ほとんどは子どもが発症するのですが、時折おとなにも発症します。ここでは手足口病の原因や症状、よくある疑問などについて解説します。
目次
手足口病の原因と症状
手足口病は、ウイルスの感染によって子どもに発熱や皮疹を認める病気です。その特徴について解説します。
子どもに多い夏風邪のひとつ
手足口病は子どもの夏風邪の一種として見られることが多い病気です。夏風邪はウイルスによって引き起こされ、症状もウイルスによって異なります。
手足口病の原因となるウイルスに感染しても全員が発症するわけではなく、70%程度は症状も何もない状態で経過します。約30%の子どもに後述の様な症状が出現します。
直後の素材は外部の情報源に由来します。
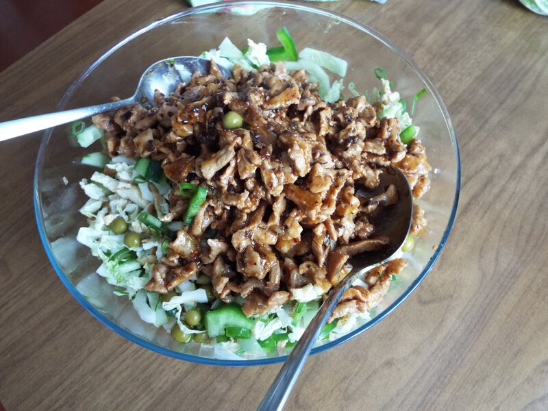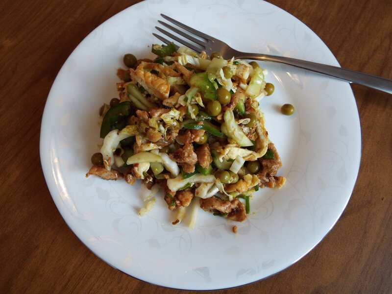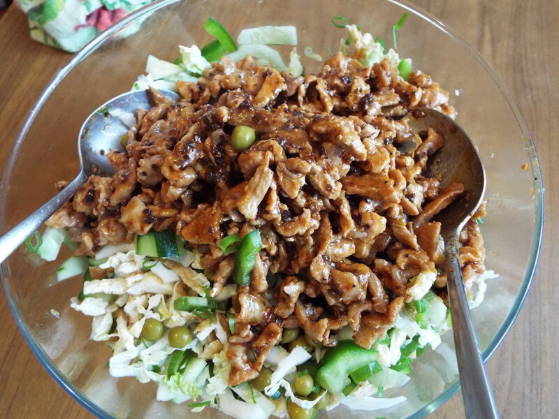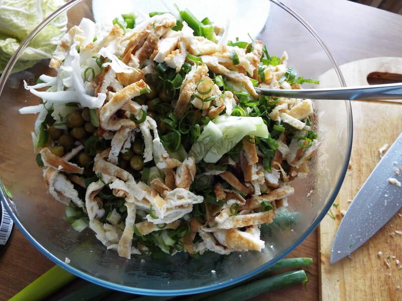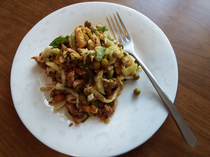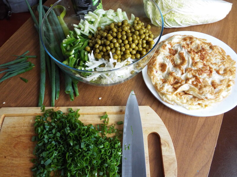 Туда же добавить зеленый горошек, количество по-желанию. А так же яичные блинчики порезанные и мясо вместе с соусом.

ウイルスですから大人にも感染します。しかし、症状が出た手足口病のうち、90%以上は5歳以下の小児に見られるということで、ほとんどが子どもの病気といえるでしょう。
手足口病の原因
手足口病は、コクサッキーウイルスA群(10型・16型) 、もしくはエンテロウイルス71型の感染によって発症する病気です。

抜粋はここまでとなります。